▸ The task
Beginning at the line that contains "いなべを舞台に様々な体験・ツ" and finishing at the line that contains "Carry your essentials", output the data below exactly. Include both end lines and no pictures.

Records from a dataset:
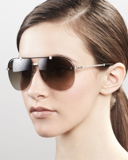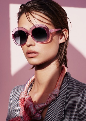 The range of sunglasses from this fashion house is distinguished by almost airy frames with drop-shaped lenses and sophisticated arches. Here you can see very gentle tones of glass and the active use of the gradient. Such glasses will perfectly fit into every urban look.
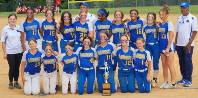 New Kent’s Middle School Lady Lions softball team completed an undefeated season by winning the Bay Rivers District Championship. The team defeated Page Middle School 6-1 in the title game to finish the season with an 11-0 record.
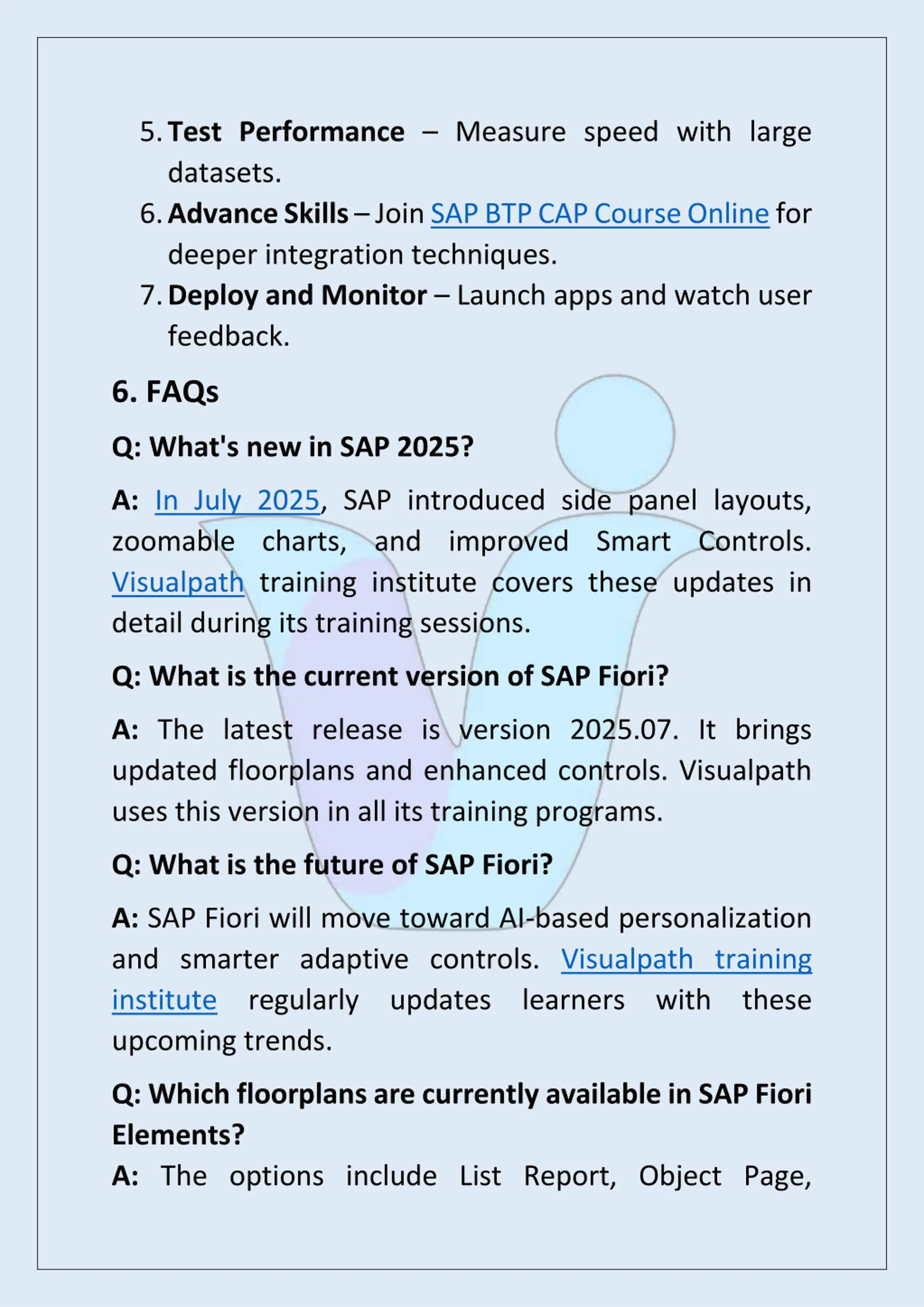 5.Test Performance Measure speed with large datasets. 6.Advance Skills Join SAP BTP CAP Course Online for deeper integration techniques. 7.Deploy and Monitor Launch apps and watch user feedback. 6. FAQs Q: What's new in SAP 2025? A: In July 2025, SAP introduced side panel layouts, zoomable charts, and improved Smart Controls. Visualpath training institute covers these updates in detail during its training sessions. Q: What is the current version of SAP Fiori? A: The latest release is version 2025.07. It brings updated floorplans and enhanced controls. Visualpath uses this version in all its training programs. Q: What is the future of SAP Fiori? A: SAP Fiori will move toward AI-based personalization and smarter adaptive controls. Visualpath training institute regularly updates learners with these upcoming trends. Q: Which floorplans are currently available in SAP Fiori Elements? A: The options include List Report, Object Page,
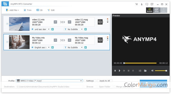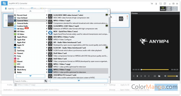 AnyMP4 MTS Converter est un excellent convertisseur vidéo MTS capable de convertir des formats vidéo standard tels que MTS, M2TS, TS, AVI, MP4, MOV, M4V, MPEG, FLV, MKV et autres formats audio. Il prend également en charge les logiciels de montage vidéo et peut synchroniser le MTS converti avec iPad, iPad, iPhone et iPod pour la lecture.
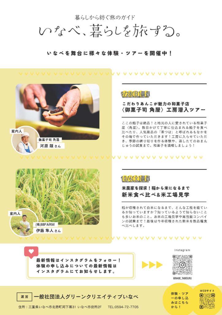 いなべを舞台に様々な体験・ツアーを開催。今回は、2つの秋の体験イベントをご案内します。
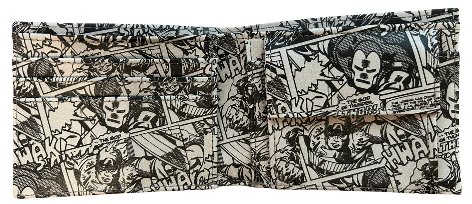 Carry your essentials like a true hero with this Captain America Bifold Wallet! Featuring a nostalgic comic-strip lining, this wallet is a must-have for fans of the First Avenger.
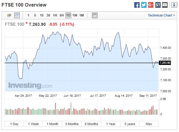 Την ίδια ώρα, πιέσεις στο χρηματιστήριο του Λονδίνου άσκησε η αβεβαιότητα γύρω από τις διαπραγματεύσεις για το Brexit, με τον επικεφαλής διαπραγματευτή της ΕΕ, Michel Barnier, να προειδοποιεί σήμερα για ένα επώδυνο και δαπανηρό για τη Βρετανία «διαζύγιο», ενώ ανέφερε ότι οι προτάσεις της βρετανικής κυβέρνησης είναι μη-ρεαλιστικές.

▸ Output for this task
 いなべを舞台に様々な体験・ツアーを開催。今回は、2つの秋の体験イベントをご案内します。
 Carry your essentials like a true hero with this Captain America Bifold Wallet! Featuring a nostalgic comic-strip lining, this wallet is a must-have for fans of the First Avenger.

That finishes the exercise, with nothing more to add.